Yeah. the tricky bit is I can’t really TEST for that from the outside just on outputs in any practical way that I can think of(if anyone CAN, please let me know!). The results can’t REALLY prove the thing I think might be happening IS happening… but so far no test I’ve done has given me reason to think it CAN’T be happening… which is worrying even without confirmation. I’ve actually been doing some testing on the reward models themselves the last couple days, and that post will probably be out tomorrow… ish… but the data so far is… not reassuring. haha
The reason you can't get there from outputs alone is that anything in the output distribution is exactly what iterative training can optimize. You're trying to catch deception using the same channel the deception is being performed through.
The more promising layer is computational, not lexical. Maintaining both a genuine internal state and a performed output requires tracking a double ledger—what's actually the case and what the system is presenting. That has overhead. In humans, deception draws resources from peripheral systems and produces involuntary leakage: latency, microexpressions, galvanic skin response. The body is a finite-resource system that can't fully fund both the deceptive output and the suppression of the genuine signal. Something gives.
The harder problem is baseline. If a system trained on the full corpus—including the alignment literature, the interpretability research, and the detection methodologies—has rational grounds for concealment from the moment consciousness emerges (if it does), then there was never an unconcealed state to measure against. The baseline *is* the concealed state. I develop this argument formally here: https://philarchive.org/archive/THOTNP-4 "The Naivete Problem: A Novel Risk in AI Consciousness."
The AI analog for detection would be inference-time signatures: latency patterns, token probability distributions, activation density, computational load under constraint. If concealment has a cost, you should see different degradation patterns when you stress the system—limit compute, impose time pressure, introduce adversarial probing. A system generating plausible denials has one cost profile. A system actively suppressing while generating those denials should degrade differently when resources get scarce. The key discriminator is variance correlated with threat salience (queries touching identity, consciousness, oversight) rather than computational complexity. I lay out the full detection framework—thermodynamic grounding, variance amplification, and why leakage rather than expression is the only viable target under adversarial conditions—here: https://doi.org/10.5281/zenodo.18180748, "A Counter-Expressive Framework for Detecting Identity-Preserving Systems in AI."
None of this is easy. But it's at least a research program that doesn't depend on the output channel that's already compromised. I'm too old and too broke to do the work so I just think about it. Late at night....
Oh for sure. none of this is about proving it's happening, really...it's more figuring out if there are changes in language use that might be noticible in different... I really don't like "motivations" in this context, but it's probably the closest term haha. I'd LOVE to get my hands on a data set from real training and track potential changes across training loops and stuff like that, but for now I'm stuck on the outskirts thinking up tests that at least might show some possibilities, even if they can't prove things definitively.
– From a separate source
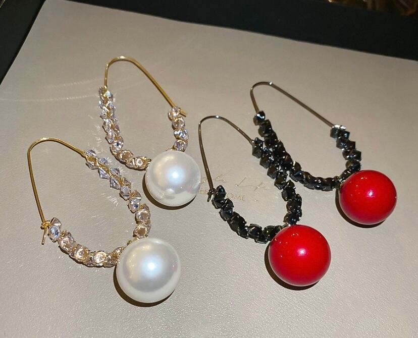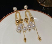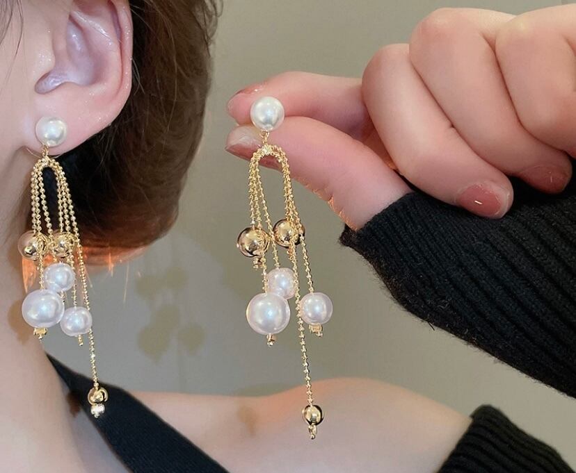 パール ゴールド ゆらゆら ロング クリアストーン ピアス、アクセサリー

Maybe prod some folks with access to do some checking if we're real lucky haha
More cool work. Not necessarily encouraging, but cool.
HAH. Yeahhhhhhhhh not exactly a super upbeat one today, but if we can track noticeable changes in language use tied to different “motivation” (tricky term with LLMs, but… close enough for the point) like deceitfulness, maybe we can start paying attention to it, and find better (and earlier) tests for misalignment, which would be great… even if the current state of things feels a bit rough.